‘Know thyself’

La morte di Socrate (J. Louis David 1787)

The death of Socrates (J. Louis David, 1787)

The motto γνῶθι σ(ε)αυτόν (“know thyself”) was one of the maxims inscribed on the pediment of the temple of Apollo at Delphi, along with μηδὲν ἄγαν (“nothing in excess”), inviting mankind to exercise moderation in life. It was through these maxims that Apollo’s oracle – one could think of it as one of the “mass-media” of ancient times – invited men to self-investigation, prompting them to discover that the essence of one’s life is not to be searched for in the world outside, but instead within ourselves.

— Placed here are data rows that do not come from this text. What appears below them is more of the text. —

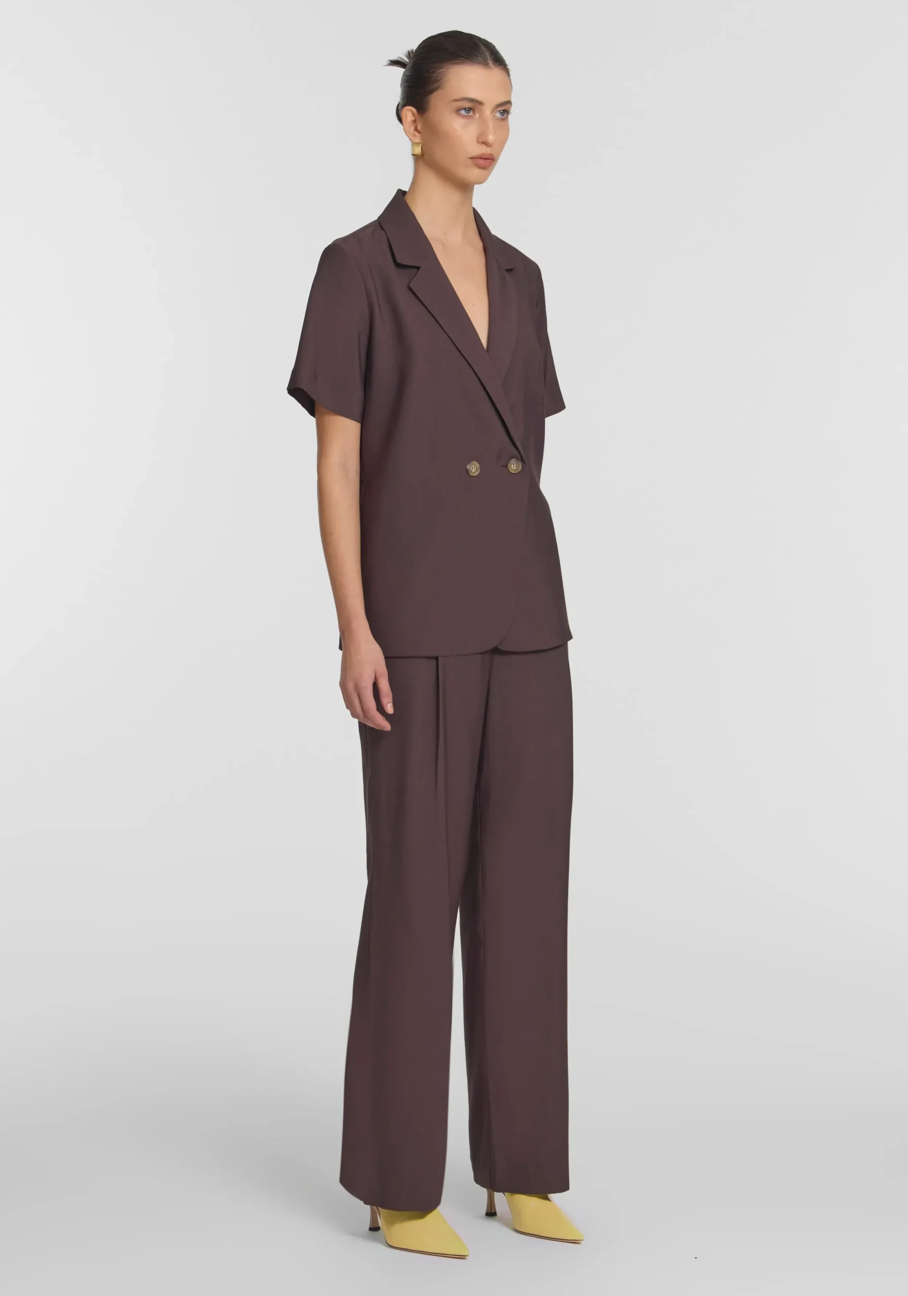 The Hepburn Shirt returns in a rich chocolate hue, tailored from our signature bamboo blend. Featuring a double-breasted front, relaxed fit, and back vent, it offers timeless versatility. Pair effortlessly with the Ivanhoe Pant for a refined set, or style back with denim for polished ease.MADE IN AUSTRALIA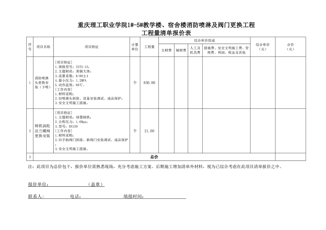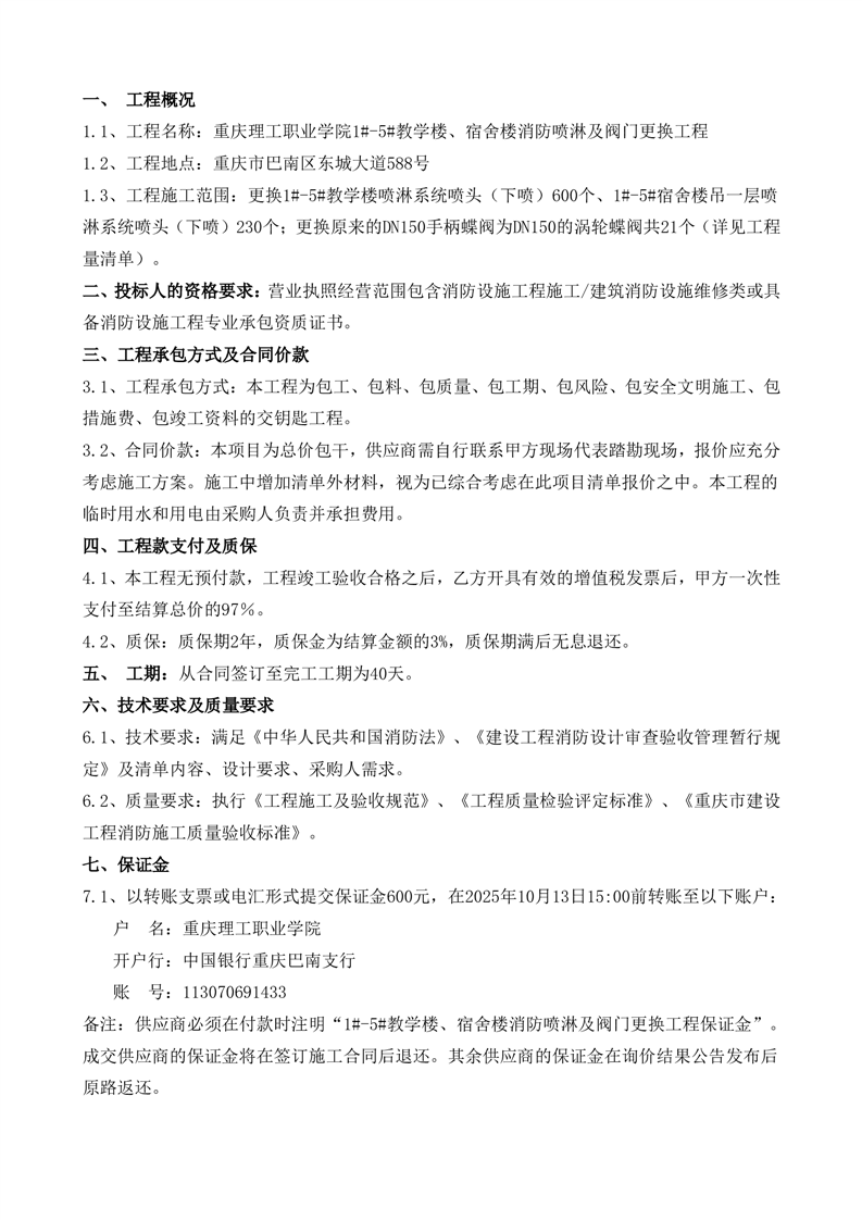 1#-5#教学楼、宿舍楼消防喷淋及阀门更换工程采购公告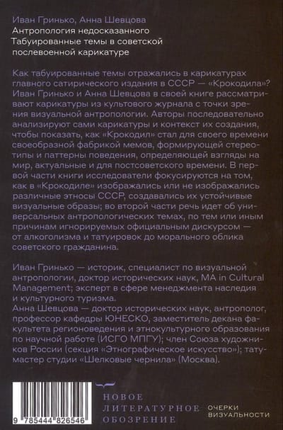 How were taboo topics reflected in the cartoons of the main satirical publication in the USSR, Krokodil? Ivan Grinko and Anna Shevtsova examine the cartoons from the cult magazine from the point of view of visual anthropology in their book. The authors consistently analyze the cartoons themselves and the context of their creation in order to show how Krokodil became a kind of meme factory for its time, forming stereotypes and behavior patterns, defining views on the world that are still relevant for the post-Soviet era. In the first part of the book, the researchers focus on how Krokodil depicted or did not depict various ethnic groups of the USSR, creating their stable visual images; the second part deals with universal anthropological themes that were ignored by the official discourse for one reason or another - from alcoholism and tattoos to the moral character of a Soviet citizen.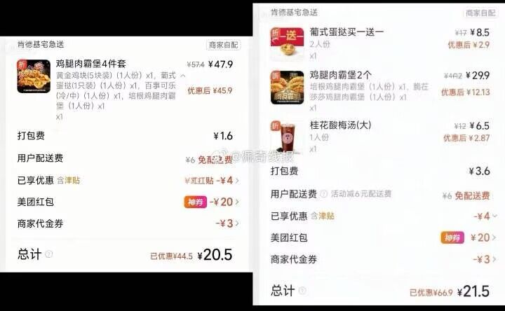 肉霸堡2个+蛋挞2个+饮料 21.5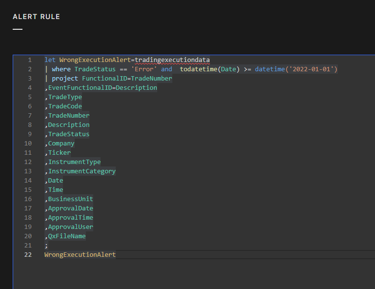 {fieldname}). - Alert Rule: this is where you type the query that will generate custom alerts. Please refer to the Alert Rule (KQL query) section and the KQL primer to learn more about KQL programming.

This emphasis on the inner life and on the importance of knowing oneself will become a core element of the philosophy of Socrates, whose Protagoras (343a-b) traces the history of the Delphic inscription back to the Greek Seven Sages:

Such men were Thales of Miletus, Pittacus of Mytilene, Bias of Priene, Solon of our city, Cleobulus of Lindus, Myson of Chen, and, last of the traditional seven, Chilon of Sparta. All these were enthusiasts, lovers and disciples of the Spartan culture; and you can recognize that character in their wisdom by the short, memorable sayings that fell from each of them: they assembled together and dedicated these as the first-fruits of their lore to Apollo in his Delphic temple, inscribing there those maxims which are on every tongue—“Know thyself” and “Nothing overmuch.(μηδὲν ἄγαν)”.(Translation by W. R. M. Lamb)

Debates flourished in antiquity on the source of the sayings, and the γνῶθι σαυτόν was, for example, often attributed to Chilon of Sparta. Clement of Alexandria notes that “according to some the phrase is Chilon’s, according to others Chamaleon wrote it, while Aristotle believes that it was said by the Phythia” (the high priestess of Apollo at Delphi). Chamaleon in turn attributed the saying to Thales, while Diogenianus (II century A.D.) thought the author was Solon. One could go on.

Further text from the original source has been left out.